Retype each of the records below exactly, leaving the pictures out.

[Dataset excerpts]
##############################

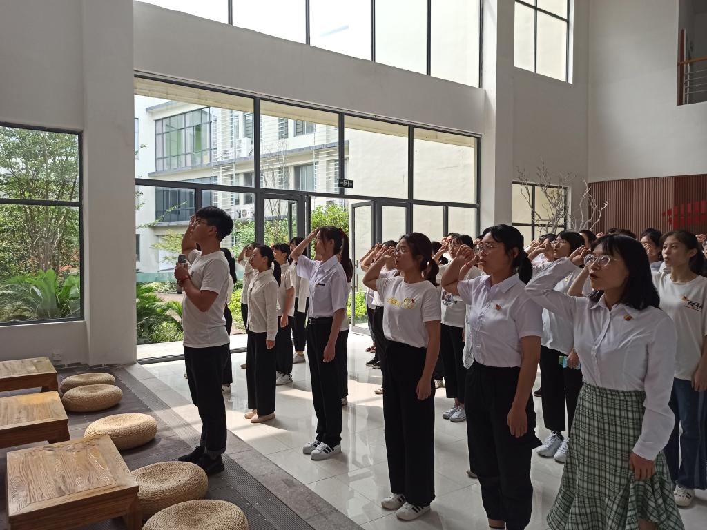 参加宣誓仪式的有今年新发展的学生和教师党员,以及去年的发展的预备党员共60余人。在庄严的国歌奏响过后,博彩app 学生党办主任周泉钱同学作为领誓人,带领全体党员面向国旗,举起右手,铿锵有力地宣读了入党誓词。随后,应化181班缪玲珊同学代表全体学生党员发言,表达了加入党组织的坚定立场,倡议学生党员要更以更加努力、务实和谦虚的作风,不断提升自己,多为社会做贡献。最后,博彩app 党委副书记蔡运男老师寄语广大新党员,希望他们永远记住这个神圣的时刻,激励自己终生践行入党誓言,为党的事业奋斗终身。
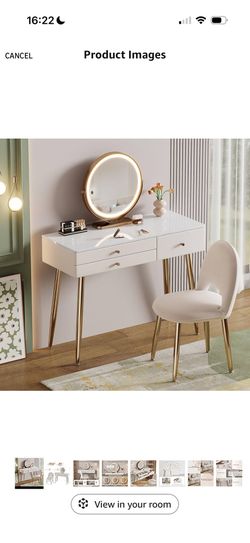 KDCAS Vanity Desk with Mirror and Lights| 39" Beige Modern Makeup Vanity Set with Drawers & Adjustable Chair| White and Gold Dressing Table for Small $100Springfield, PA
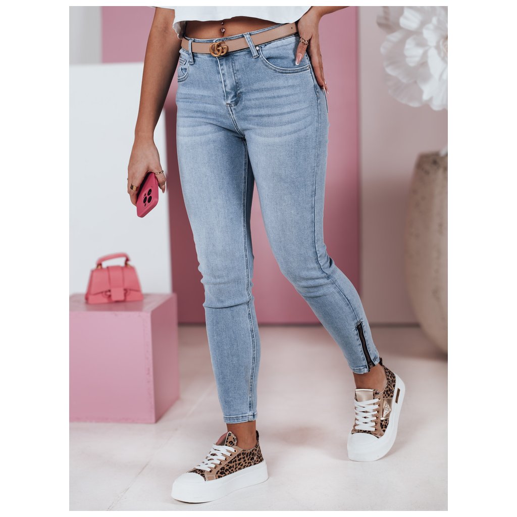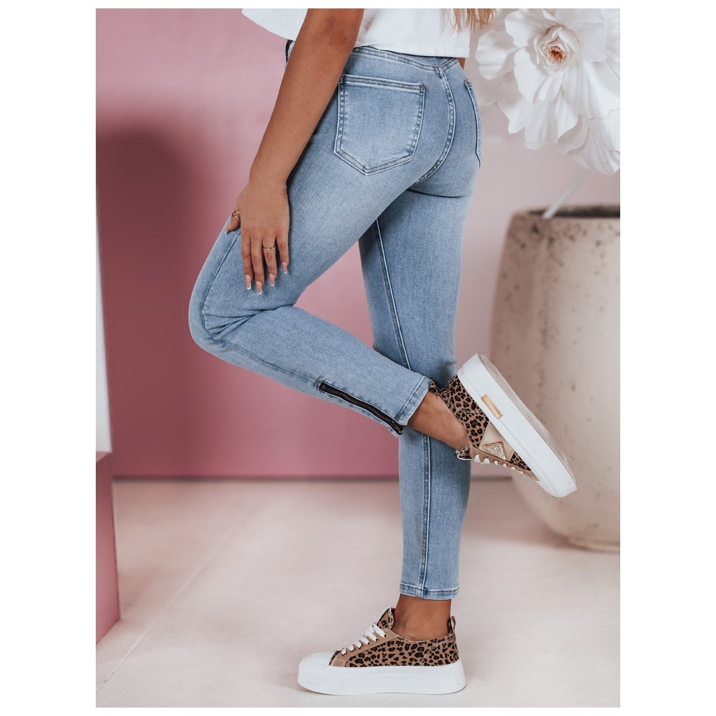 Dámské úzké džíny s mírně vyšším pasem. Úzké nohavice zeštíhlují a boční ozdoby na zip dodávají moderní nádech a styl. Perfektně se hodí k ležérním outfitům a zdůrazňují moderní vzhled.
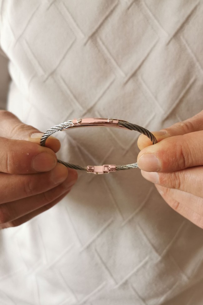 Modeldeki rose gold üst ve kilit parçalar 14 ayar altındır 5.00 gramdır, ortalama 7.50 gram çelik ağırlığı mevcuttur, kararma yapmaz uzun ömürlü kullanım için deniz ve havuz suyuna sokmamanızı öneririz.
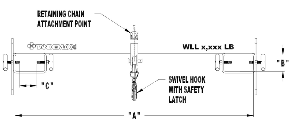 Make your forklift work like a crane. The single swivel hook (with safety latch) provides nearly all the features of a crane at your forks. The two fork design provide added security and stability while the swivel hook allows for a variety of rigging choices for a variety of loading. We included a safety chain attach point and recommend using at a minimum a Proof Coil (Grade 30) Chain as your safety chain (not included). The Tandemloc AS25 Series offer a range of capacities and fork position choices which give you the flexibility needed with your forklift. The extended side plates allow the unit to be stable when not attached and offer ease of installation and simple storage that our competition has not considered.
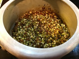 I started out by sprouting mung beans or green gram, as it is also called. I sprouted a big batch, kind of double duty cooking for the week. The remaining sprouts, I added to a fresh salad the next day, the recipe to feature in my next blog post. The healthiest way to eat sprouts would be raw or slightly steamed, to retain the nutrition and crunch. I took another route by steaming them in the pressure cooker along with the basic 4’s that go into most curries and deals – onions, tomatoes, ginger, garlic. Of course, it would be incomplete and lacking flavour, without the addition of some fragrant whole spices and ground masalas from my spice box or ‘masaldaani’ as I like to call it. The twist, which really gave it, that exciting kick, is coconut milk, along with curry leaves, mustard seeds, white poppy seeds, cardamoms and powdered fennel seeds. It also lent a regional Indian touch to the dish, reminiscent of a coastal Kerala curry. A sprinkle of fresh cilantro and a dash of freshly squeezed lemon juice, livens up any lentil dish, before you bring it to your dining table to be devoured 🙂
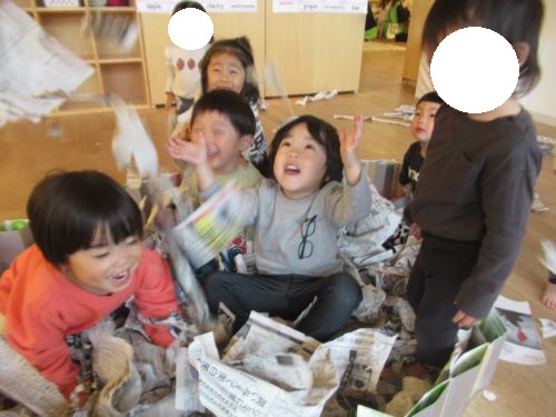 たくさんの新聞に埋もれたり、舞ったりして楽しそうに遊んでいましたよ
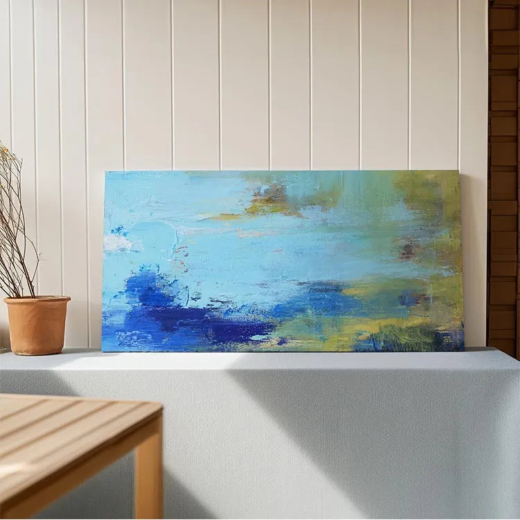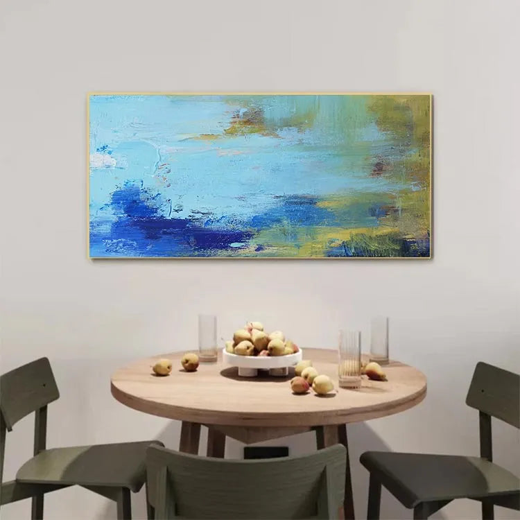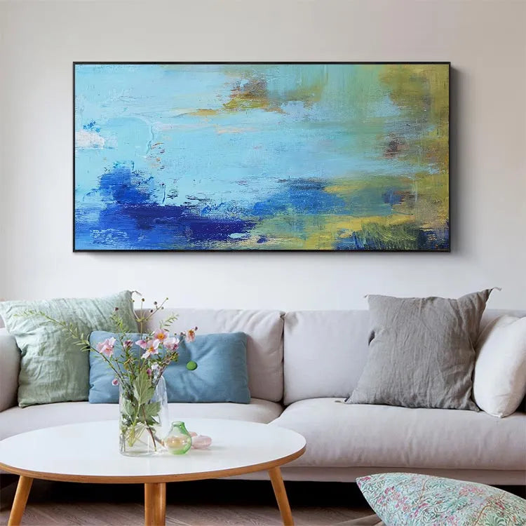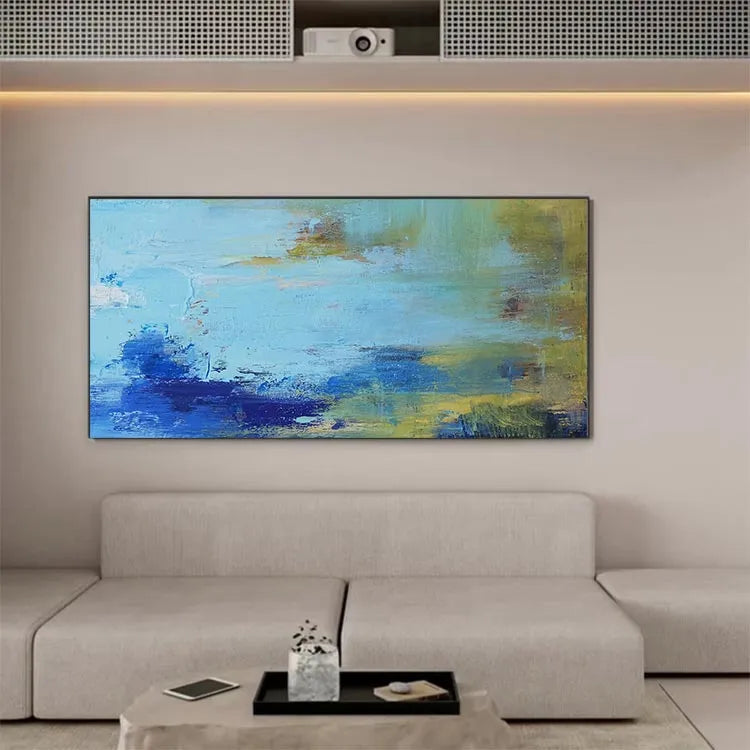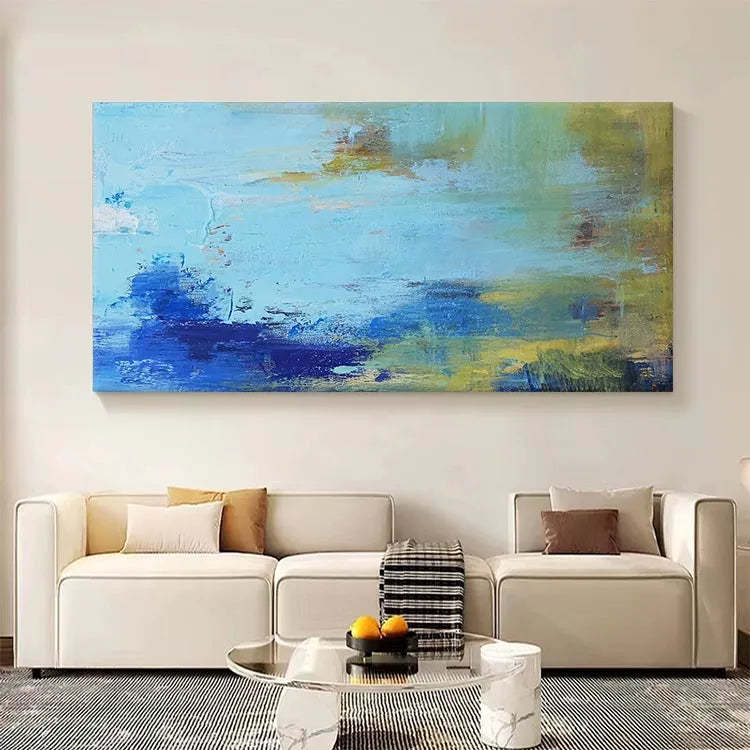 This oil painting exhibits an abstract style, characterized by its fluid, layered application of color and texture. The composition features a harmonious blend of cool and warm hues, with dominant shades of blue, green, and yellow. The brushwork is visible, with thick, textured strokes creating a sense of depth and movement. The light blue and green areas suggest a serene, airy atmosphere, while the darker blue and yellow patches introduce contrast and complexity. The interplay of light and shadow is subtle yet effective, with the lighter areas appearing almost translucent, overlaying the denser, more opaque sections. This work may belong to the Abstract Expressionism movement, emphasizing emotional expression through spontaneous and intuitive techniques. The overall effect is both calming and dynamic, inviting the viewer to explore its subtle symbolism and textures.
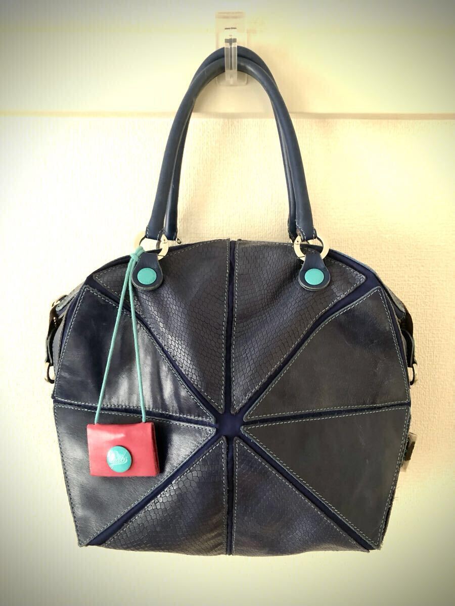 フィレンツェ路面店で購入したバッグ。形が幾通りにも変えられます。フラット→マチ付き、持ち手の変更・持ち手取付位置変更
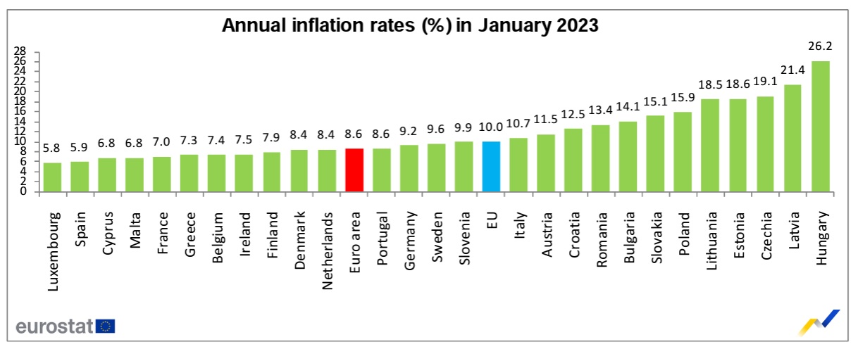 Самая высокая инфляция в январе была зафиксирована в Венгрии (26,2%), самая низкая – в Люксембурге (5,8%).

##############################

▶ [Reply]
 参加宣誓仪式的有今年新发展的学生和教师党员,以及去年的发展的预备党员共60余人。在庄严的国歌奏响过后,博彩app 学生党办主任周泉钱同学作为领誓人,带领全体党员面向国旗,举起右手,铿锵有力地宣读了入党誓词。随后,应化181班缪玲珊同学代表全体学生党员发言,表达了加入党组织的坚定立场,倡议学生党员要更以更加努力、务实和谦虚的作风,不断提升自己,多为社会做贡献。最后,博彩app 党委副书记蔡运男老师寄语广大新党员,希望他们永远记住这个神圣的时刻,激励自己终生践行入党誓言,为党的事业奋斗终身。
 KDCAS Vanity Desk with Mirror and Lights| 39" Beige Modern Makeup Vanity Set with Drawers & Adjustable Chair| White and Gold Dressing Table for Small $100Springfield, PA
 Dámské úzké džíny s mírně vyšším pasem. Úzké nohavice zeštíhlují a boční ozdoby na zip dodávají moderní nádech a styl. Perfektně se hodí k ležérním outfitům a zdůrazňují moderní vzhled.
 Modeldeki rose gold üst ve kilit parçalar 14 ayar altındır 5.00 gramdır, ortalama 7.50 gram çelik ağırlığı mevcuttur, kararma yapmaz uzun ömürlü kullanım için deniz ve havuz suyuna sokmamanızı öneririz.
 Make your forklift work like a crane. The single swivel hook (with safety latch) provides nearly all the features of a crane at your forks. The two fork design provide added security and stability while the swivel hook allows for a variety of rigging choices for a variety of loading. We included a safety chain attach point and recommend using at a minimum a Proof Coil (Grade 30) Chain as your safety chain (not included). The Tandemloc AS25 Series offer a range of capacities and fork position choices which give you the flexibility needed with your forklift. The extended side plates allow the unit to be stable when not attached and offer ease of installation and simple storage that our competition has not considered.
 I started out by sprouting mung beans or green gram, as it is also called. I sprouted a big batch, kind of double duty cooking for the week. The remaining sprouts, I added to a fresh salad the next day, the recipe to feature in my next blog post. The healthiest way to eat sprouts would be raw or slightly steamed, to retain the nutrition and crunch. I took another route by steaming them in the pressure cooker along with the basic 4’s that go into most curries and deals – onions, tomatoes, ginger, garlic. Of course, it would be incomplete and lacking flavour, without the addition of some fragrant whole spices and ground masalas from my spice box or ‘masaldaani’ as I like to call it. The twist, which really gave it, that exciting kick, is coconut milk, along with curry leaves, mustard seeds, white poppy seeds, cardamoms and powdered fennel seeds. It also lent a regional Indian touch to the dish, reminiscent of a coastal Kerala curry. A sprinkle of fresh cilantro and a dash of freshly squeezed lemon juice, livens up any lentil dish, before you bring it to your dining table to be devoured 🙂
 たくさんの新聞に埋もれたり、舞ったりして楽しそうに遊んでいましたよ
 This oil painting exhibits an abstract style, characterized by its fluid, layered application of color and texture. The composition features a harmonious blend of cool and warm hues, with dominant shades of blue, green, and yellow. The brushwork is visible, with thick, textured strokes creating a sense of depth and movement. The light blue and green areas suggest a serene, airy atmosphere, while the darker blue and yellow patches introduce contrast and complexity. The interplay of light and shadow is subtle yet effective, with the lighter areas appearing almost translucent, overlaying the denser, more opaque sections. This work may belong to the Abstract Expressionism movement, emphasizing emotional expression through spontaneous and intuitive techniques. The overall effect is both calming and dynamic, inviting the viewer to explore its subtle symbolism and textures.
 フィレンツェ路面店で購入したバッグ。形が幾通りにも変えられます。フラット→マチ付き、持ち手の変更・持ち手取付位置変更
 Самая высокая инфляция в январе была зафиксирована в Венгрии (26,2%), самая низкая – в Люксембурге (5,8%).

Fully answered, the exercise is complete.